Je rappelle d’ailleurs ce que l’on pouvait lire sur le site de l’ancienne députée Pompili : « Les initiatives locales pour produire et consommer autrement notre alimentation, notre énergie, nos déplacements… la préservation de biens communs que sont l’eau, l’air, la nature, … l’ouverture à l’autre au travers de l’école, ou de l’intégration du handicap… la conscience planétaire au travers de l’enjeu climatique… nécessitent plus que jamais un relais politique fort et organisé.
« Cette citoyenneté et cette aspiration au changement, révolutionnaires au quotidien, ne peuvent se faire qu’en dépassant des blocages, de vieilles habitudes, et dans un dialogue large avec la société, en construisant progressivement des majorités d’idées et des majorités politiques. »
Madame la ministre, je ne vous demande pas de défendre cet extrait du site de l’ancienne députée Pompili, j’aimerais seulement comprendre où veut en venir le Gouvernement sur ces sujets.
La ministre Pompili nous exhortait voilà quelques instants à inventer – ce que nous faisons avec cette proposition de loi constitutionnelle –, avant de nous dire qu’il fallait avant tout agir, comme si la nécessaire évolution du droit s’opposait à l’action immédiate. Mais il faut les deux !
Quand nous parlons « biens communs », vous nous renvoyez au bilan environnemental du Gouvernement et aux 30 milliards d’euros du plan de relance.
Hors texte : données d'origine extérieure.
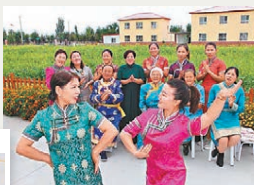
決肯村蒙古族村民載歌載舞為祖國慶生。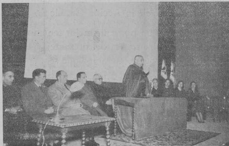
El Emmo. Sr. Cardenal Arzobispo pronuncia el discurso de clausura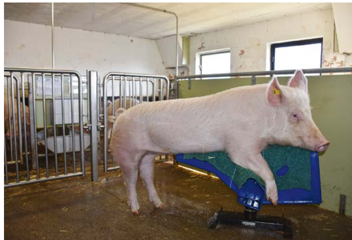
Illustr. 5: Entraînement de monte d'un verrat de la lignée maternelle en quarantaine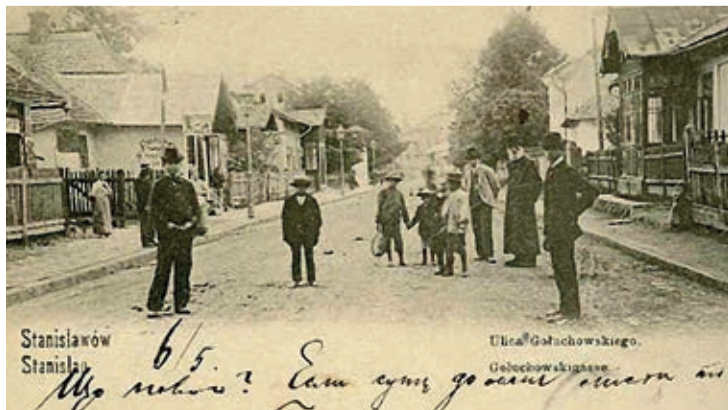
W STANISŁAWOWIE NIE BRAKOWAŁO DZIWAKÓW

W okresie międzywojennym działała w mieście spółdzielnia „Pomoc Kapłańska”. Jej sklep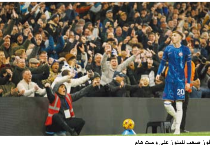
فوز صعب للبلوز على وست هام

Nous vous proposons l’inversion des valeurs, vous nous renvoyez, d’une certaine manière, à la réintroduction des néonicotinoïdes, au maintien de l’usage du glyphosate ou à la demande que le Conseil d’État a adressée au Gouvernement de respecter ses engagements climatiques.
Il faut des majorités d’idées, des majorités politiques, et peut-être, si j’ose dire, des majorités de pays. Il ne s’agit pas d’une réflexion seulement franco-française : en Italie, la commission Rodotà, chargée d’introduire dans le code civil italien la notion de « biens communs », a permis d’engager un débat juridique. Après les travaux pionniers de Stefano Rodotà, une définition des « biens communs », qui seraient ceux qui contribuent aux droits fondamentaux et au libre développement de la personne, qui doivent être soustraits à la logique destructive du court terme, y compris au bénéfice des générations futures, n’est pas quelque chose de fantasque. Ce débat ne concerne pas qu’un pays ni qu’un parti.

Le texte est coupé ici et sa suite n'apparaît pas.